Repository for "Host origin is a determinant of parallel evolution between influenza virus gene segments" by Jones & Lakdawala (bioRxiv 2022). Includes raw data and source code for analysis of parallel evolution between gene segments of human and avian influenza viruses.
The code provided in this repository can be used to reconstruct and analyze convergence between phylogenetic trees of gene and protein sequences. Input FASTA files from H9 viruses are provided as examples. Source code for tree reconstruction and analysis is broadly generalizable to any set of alignments and is presented separately from sequence processing and selection.
This folder contains the raw data that were processed and analyzed in this study. This includes H9 virus FASTA files sourced from the Influenza Research Database. FASTA files are provided as raw unprocessed data in the 'Pre-processed FASTA Files' folder as well as fully aligned sequences ready for analysis in the 'Post-processing Alignments' folder. Human H3N2 virus FASTA files were sourced from an earlier study.

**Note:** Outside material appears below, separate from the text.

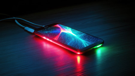 A fast-charging cable connected to a smartphone with dynamic light effects indicating power flow

This folder contains source code for the initial processing of raw FASTA files and selection of sequences from different hosts. This code can be run directly with files provided in the Data folder under the sub-folder 'Pre-processed FASTA Files'.
This folder contains source code for tree reconstruction and tree distance calculation. This code can be run with avian H9 virus alignments generated using FASTA files provided in the 'Data' folder and source code included in the 'Sequence Selection' folder. Alternatively, this code can be run directly with alignments provided in the 'Post-processing Alignments' folder or with alignments generated by the user.